Wednesday, July 12, 2006

Take a powder


I promise that this isn't going to turn into a Scritti Politti blog, I really do. But just one more post. Then, after that, no more, I promise. Well, at least until August, when they're due to play in Edinburgh.

But they really are dans le vent at the moment. Live dates, rave reviews, Jonathan Ross appearances...however, the reason for this post is the very enjoyable hour I've just spent at Simon Reynold's blog, and at K-Punk and at Owen Hatherley's, where they discuss the meanings and possibilities of White Bread, Black Beer. All note that Green has toned down the self-reflexivity, the meta-this and -that, and the tricky wordplay of previous outings, trading it in for stabs at narrative, veiled confession, and non-ironic, undistanced honesty and emotion, unencumbered by quotation marks. However, Mr. Reynolds also picks up on some of the references in the lyrics (to various illicit substances) and constructs a possible scenario to explain Green's need to retreat to Wales every five years or so. It's not darts and beer he's escaping for. It's rehab. True? Well, you can never be sure of anything when you're talking about a group that uses artifice and construction as much as Scritti has. And Green looks extremely good for a guy who makes veiled references to expensive habits. But, as Simon notes, the clues are certainly there.

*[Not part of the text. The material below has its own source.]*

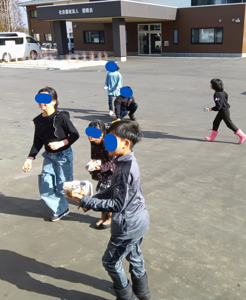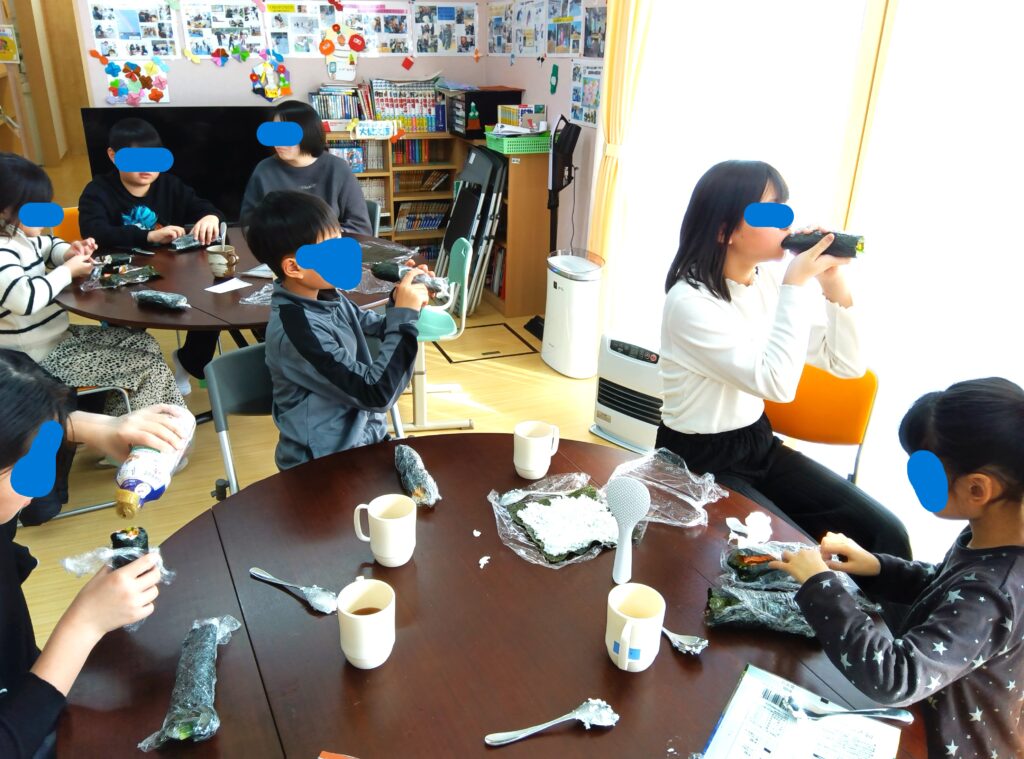 ひろま~れでは、一足遅れとはなりましたが、7日に豆まきと恵方巻作りを行いました。自分たちで好きな具を入れ、世界に1つだけの大きな恵方巻が出来上がりました。いつもはペチャクチャおしゃべりをしながら食事をする子どもたちですが、たくさんの福が舞い込んでほしいのでしょうか、今日はなんと無言!恵方巻の後は豆まきです。たくさんの鬼を追い出し、たくさんの福を招き入れたひろま~れでした。
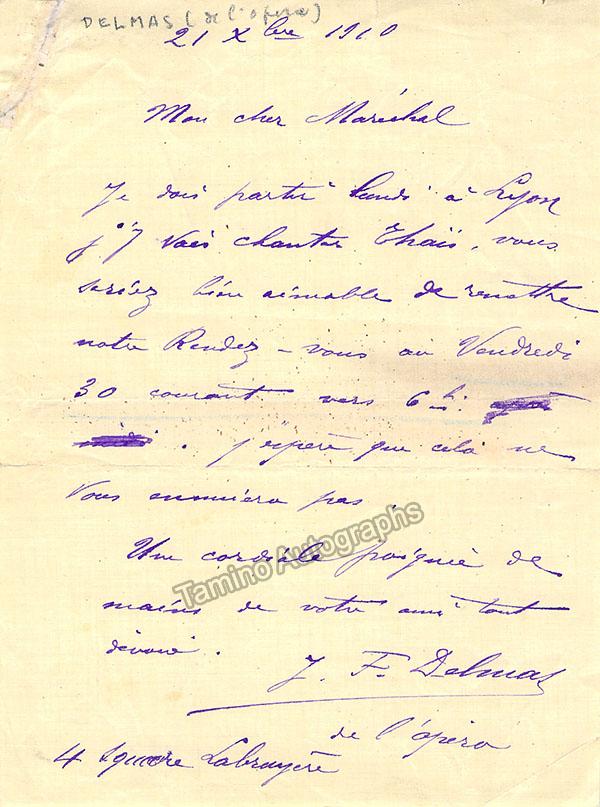 Jean Francois Delmas Autograph Letter Signed Authentic Item

And actually, they're not exclusive to the current album. Nor are the stabs at narrative. He actually attempted something similar in the very last song of the previous CD...

While 1999's Anomie and Bonhomie featured a stellar list of collaborators (like Cupid and Psyche and Provision before it) and also foregrounded the self-conscious, deconstructed lyrics in a similar way to all his/their previous long players, one song stood out for being so different, both from the other songs on the album, and from anything Green had attempted before. Tucked away at the end of the CD, Brushed With Oil, Dusted With Powder is a string-soaked, cinematic epic that obliquely tells a story of...what, exactly? Well, there's a police chase, a wrecked hotel room, some mysterious keys (kilos?), an interrogation...and again those clues, especially in the alliterative chorus ("On Highbury Fields, the West Side Highway"), and the references to powder. Fingerprinting powder possibly. Or could it be... Of course, this scenario that Green hints at may not be autobiographical, any more than Michael Mann is a contract killer, or Quentin Tarantino a martial arts expert. But, a skilled lawyer would file it under "Evidence for the Prosecution".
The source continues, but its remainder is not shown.